En la celebración del Año Nuevo, como en muchas festividades comunitarias se repiten patrones culturales universales profundamente enraizados en el imaginario popular, como la costumbre de despedir el año que termina y recibir el nuevo año con una especial cena familiar, reminiscencia de una antigua creencia popular, -como festejamos la Noche Vieja será el Año Nuevo-. Si celebramos bien iniciaremos bien, simplificado: “Año nuevo, vida nueva”.
“Nada nuevo bajo el sol” y el Año Nuevo ya lo celebraban los romanos intercambiando regalos para olvidar agravios, odios y rencores; y lo hacían los celtas, con el ritual druida de ofrendar amuletos a sus fieles; celebraban las culturas andinas con rituales de reciprocidad divinos y humanos; pueblos ibéricas recibían al nuevo año sirviéndose una uva por cada campanada de las doce de la noche y un deseo; sentimientos que de alguna manera trascienden a nuestra cena familiar; las uvas, el abrazo, los saludos y congratulaciones para avivar amistades y fraternizar que es otra forma de olvidar rencores; ofrecer la paz, desear salud, prosperidad y felicidad. Y la vida continúa, y el propósito de “año nuevo, vida nueva”, queda en eso, en un enunciado suntuoso, tal vez un deseo o simplemente en un saludo a la bandera, al glamour y al marketing.

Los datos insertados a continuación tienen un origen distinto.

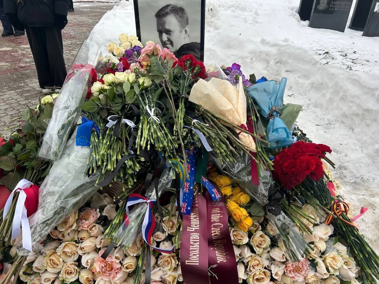 На кладбище также пришли представители посольств Германии, Италии, Польши и Латвии. На букетах — ленты с флагами России, Эстонии и Евросоюза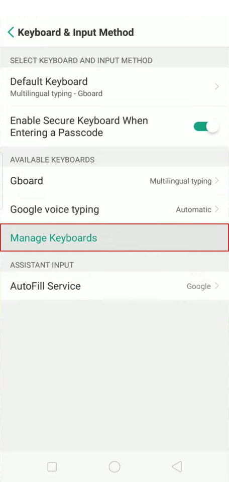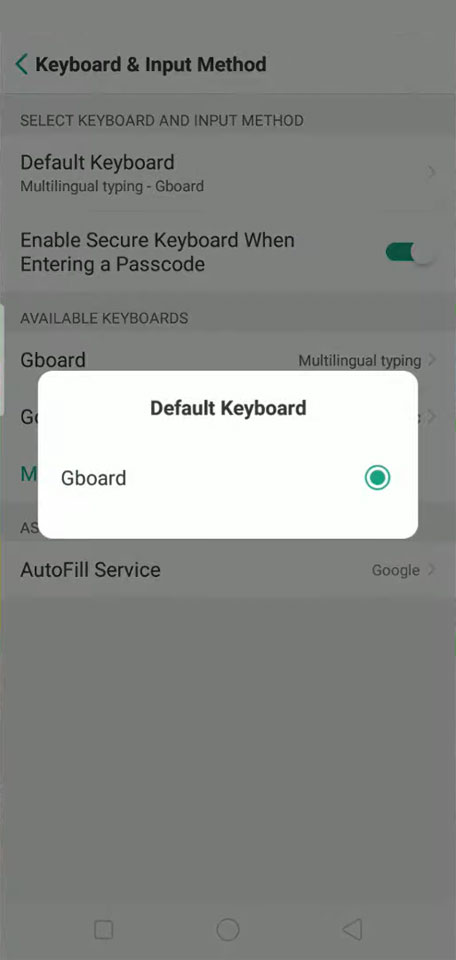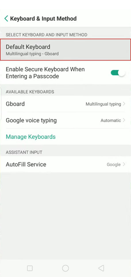 หากมีแอปคีย์บอร์ดเหลืออยู่เพียงตัวเดียว ระบบจะกำหนดให้แอปคีย์บอร์ดนั้น ๆ เป็นแอปคีย์บอร์ดเริ่มต้นโดยอัตโนมัติ แต่หากมีแอปคีย์บอร์ดมากกว่า 1 ตัว ผู้ใช้งานสามารถกำหนดเองได้จากเมนู Default Keyboard (แป้นพิมพ์พื้นฐาน) ที่อยู่ในหน้าเดียวกันตามภาพ ด้านล่าง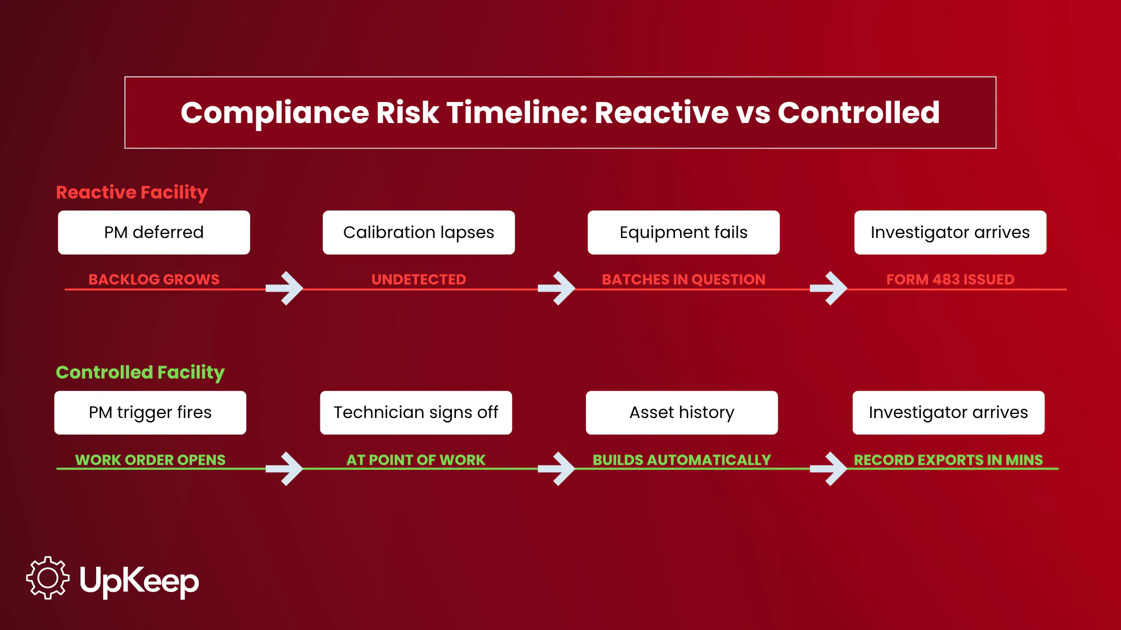 UpKeep makes that the default. Work orders open automatically from PM triggers, and technicians sign off on mobile at the point of work, so the timestamp is the system's, not whoever completes the paperwork. Asset history is exportable in minutes, meaning an investigator who arrives unannounced receives the same record as one who schedules a visit three weeks out.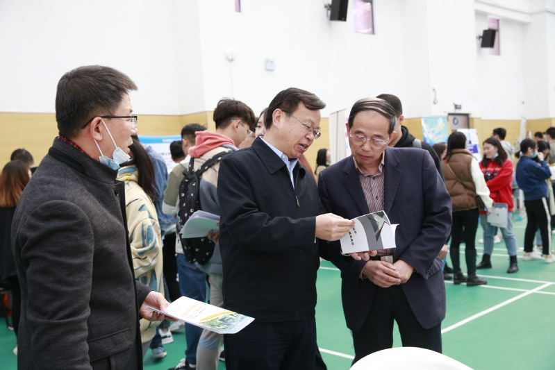 周南平校长亲临指导,巧遇提前到会场感受招聘氛围的深蓝学子,周校长鼓励学生做好生涯规划,了解就业目标并早尽早做准备,过一个充实而有意义的大学生活;会场中,周校长与辽宁省人才市场的负责同志亲切交流,希望校地双方能够开展深层合作。周校长对本次活动及就业工作表示肯定的同时指出:我校毕业生就业质量仍需提高,应吸引更多国企、央企、世界500强等高层次企业进校招聘,可以根据学科类别分别举办专业特色型招聘会。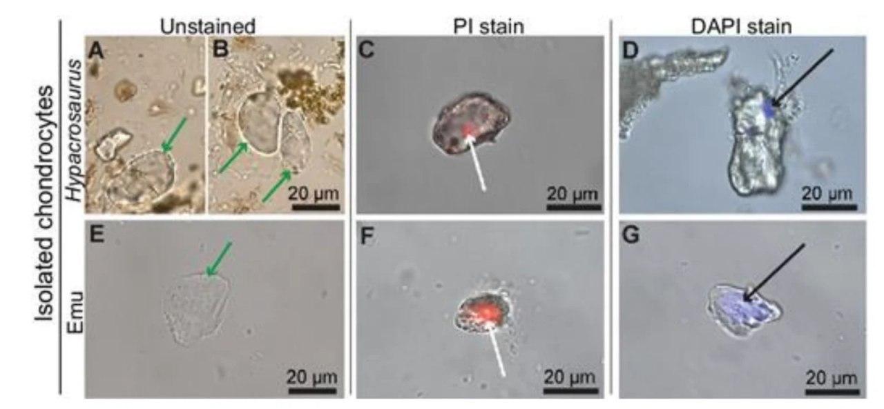Палеонтологи из Китайской академии наук и Университета штата Северная Каролина, исследуя хрящ динозавра возрастом примерно 75 млн лет, обнаружили скопление клеток, в которых есть что-то похожее на хромосомы.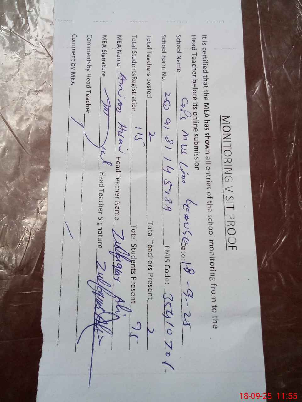 | EMIS Code: 35410706 | Name of School: GPS MUSLIM LEAGUE VILLAGE | |||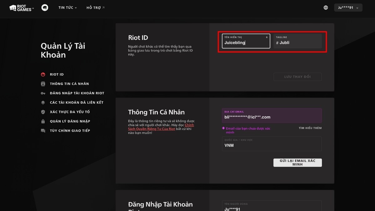 Bước 2: Chỉnh sửa các thông tin như: Riot ID (tên hiển thị trong game), khẩu hiệu cá nhân, địa chỉ email, ngày sinh,...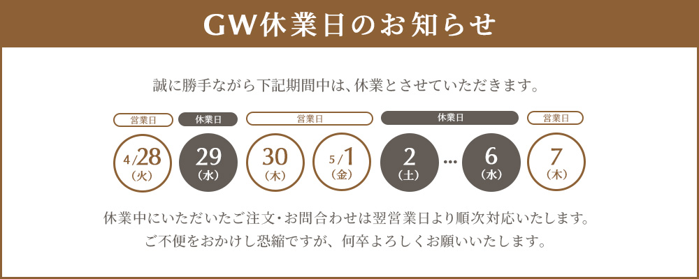 ゴールデンウィーク期間の休業日につきましては下記の通りです。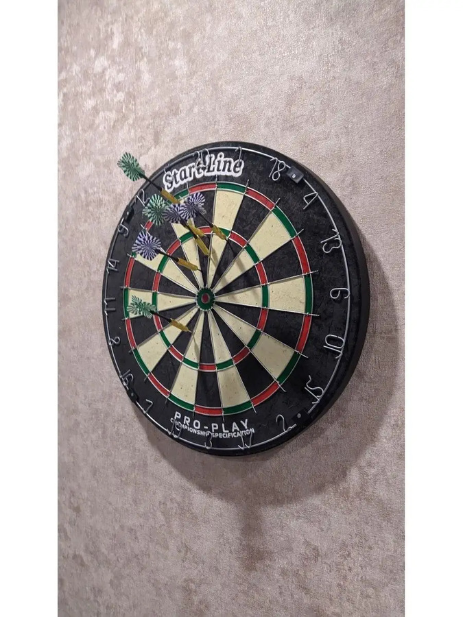 Комплект включает собранные дротики с латунным покрытием высокого качества 6 шт x 18 гр (3 дротика с синим хвостовым оперением и 3 с зеленым хвостовым оперением), а также крепление для подвешивания к стене.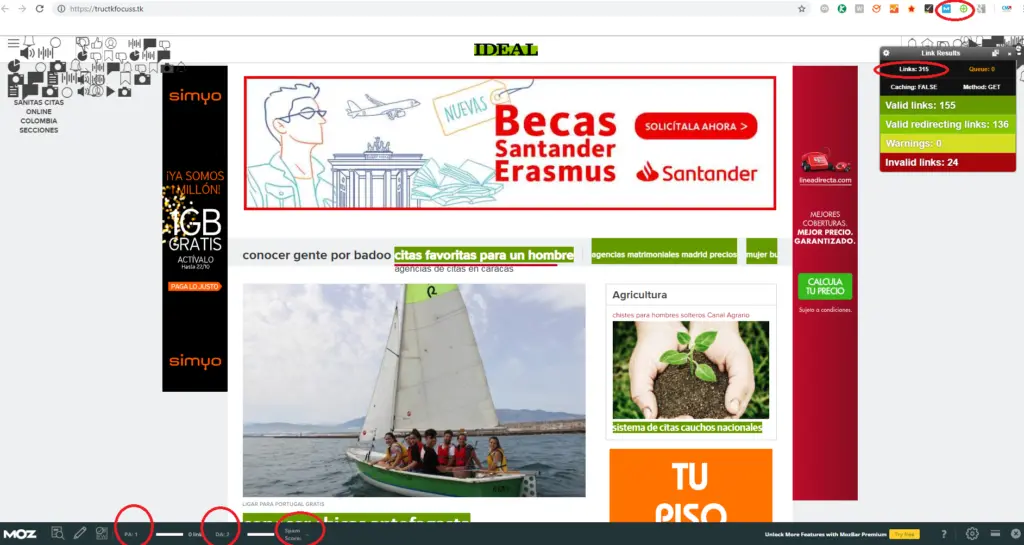 Sin embargo, podemos igualmente acudir a la web y analizarla con infinidad de extensiones de Chrome como Domain Hunter Plus, Page Analytics y con MOZ para ver el Domain Autorithy (DA), Page Autorithy (PA) y el Spam Score.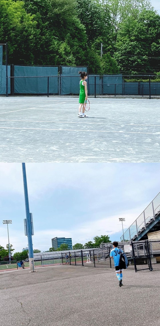딸 리호는 테니스를 치기 위해 나섰다. 초록핵 원피스를 입은 리호는 엄마를 닮아 길쭉길쭉한 비율로 눈길을 끌었다.

“Año nuevo, vida nueva”, debería ser como un llamado a la reflexión para, haciendo un inventario de lo bueno y lo malo vivido en el año que culmina, plantearnos qué es lo que queremos para el Nuevo Año en los diferentes aspectos de las cotidianidad social: políticos, económicos, educativos, salud, cultura, ambientales; preguntarnos, por ejemplo; qué pasa con la vialidad y la conectividad aérea cuando Cuenca apuesta por el turismo; qué pasa con los presupuestos de salud, educación, cultura; qué pasa con el IESS y la falta de medicamentos.” Año nuevo, vida nueva” debería ser, también, un llamado para asumir una posición crítica y solidaria con el destino de la ciudad.